The response includes metadata related to how the enrichment was performed. However, if we are only interested in the demographic columns added, we can filter using the available enrich variable names.

# get just the enrich columns
enrich_cols = [
    c for c in enrich_df if c in country.enrich_variables.name.str.lower().values
]

# combine the enrich columns with a few others we want to keep
keep_cols = ["loc_id"] + enrich_cols + ["SHAPE"]

# filter the enrich data frame to just these columns
enrich_df = enrich_df.loc[:, keep_cols].set_index("loc_id")

# re-enable spatial awareness
enrich_df.spatial.set_geometry("SHAPE")

enrich_df

	medage_cy	totpop_cy	avghhsz_cy	bachdeg_cy	medhinc_cy	divindx_cy	SHAPE
loc_id
Facility 1	32.8	276718.0	2.81	33723.0	48083.0	87.8	{"rings": [[[-118.31409427984764, 34.064380416...
Facility 2	33.7	305454.0	2.68	43130.0	50213.0	88.1	{"rings": [[[-118.31409427984764, 34.072465217...
Facility 3	30.5	170309.0	3.62	9400.0	52719.0	65.7	{"rings": [[[-118.16227969122916, 34.070668594...
Facility 4	38.5	201739.0	2.21	54857.0	96918.0	80.4	{"rings": [[[-118.36597175035031, 34.088185662...
Facility 5	38.6	198064.0	2.18	54132.0	97074.0	79.6	{"rings": [[[-118.37652690642967, 34.088185662...

Evaluate Results

An extremely effective starting point for analysis is visualizing the results. Here, we are using matplotlib to visualize the differences between the locations based on the enriched data.

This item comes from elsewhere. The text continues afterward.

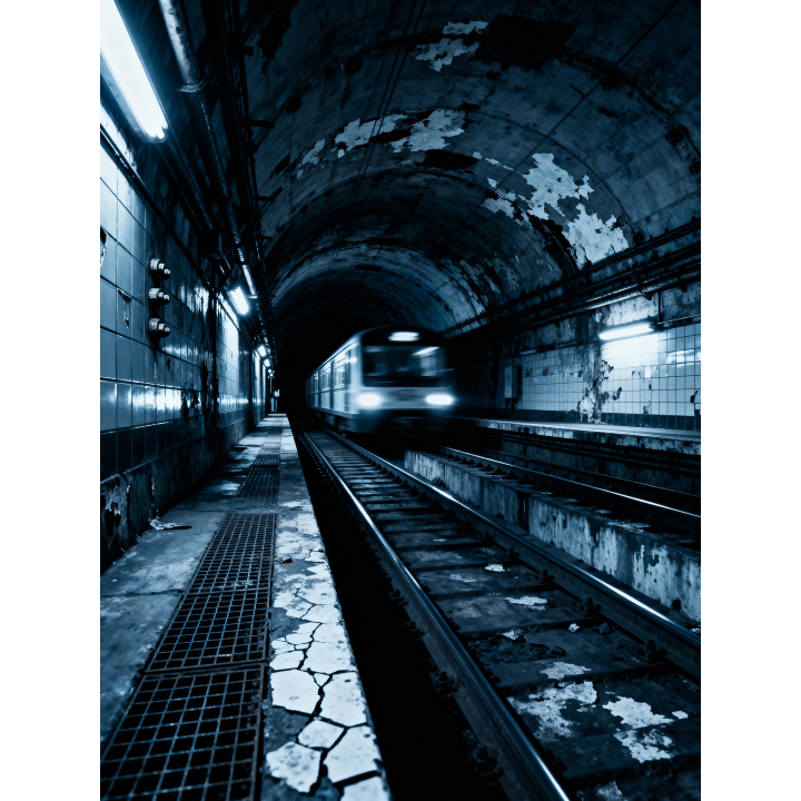 industrial techno, dark ambient influence, 128BPM, metallic resonance, distorted low-end, subway ambience (rails, brakes, intercom noise), glitch textures, hypnotic repetition, underground atmosphere

# this is due to a deprication warning inside matplotlib
import warnings

import matplotlib.pyplot as plt

warnings.filterwarnings("ignore")

fig, axs = plt.subplots(2, 3)
fig.set_figheight(10.0)
fig.set_figwidth(18.0)
fig.subplots_adjust(hspace=0.4)

plt.sca(axs[0, 0])
_ = enrich_df.medage_cy.plot(title="Median Age", kind="bar")

plt.sca(axs[0, 1])
_ = enrich_df.totpop_cy.plot(title="Total Population", kind="bar")

plt.sca(axs[0, 2])
_ = enrich_df.avghhsz_cy.plot(title="Average Household Size", kind="bar")

plt.sca(axs[1, 0])
_ = enrich_df.bachdeg_cy.plot(title="Bachelor's Degree", kind="bar")

plt.sca(axs[1, 1])
_ = enrich_df.medhinc_cy.plot(title="Median Household Income", kind="bar")

plt.sca(axs[1, 2])
_ = enrich_df.divindx_cy.plot(title="Diversity Index", kind="bar")

As in Part 1:
Facility 1 and facility 2 have higher populations, and are diverse with less income. Facility 3 is far younger with larger households, less education, and have lower incomes. Facility 4 and facility 5 are older, more educated and have a higher income.

If interested in opening a discount department store, facility 2 is the most attractive location with facility 1 as a close second. The diversity and lower income can allow us to conclude that people will buy at lower prices.

If interested in opening a quick service restaurant, facility 3 may be the best option to meet the needs of a young, busy and price conscious population.

Obviously, depending on the key characteristics of the business looking for a new location, the key demographic indicators will be different. Using geoenrichment, paired with the ArcGIS API for Python, enables extremely quick access to demographic variables for informed decision making.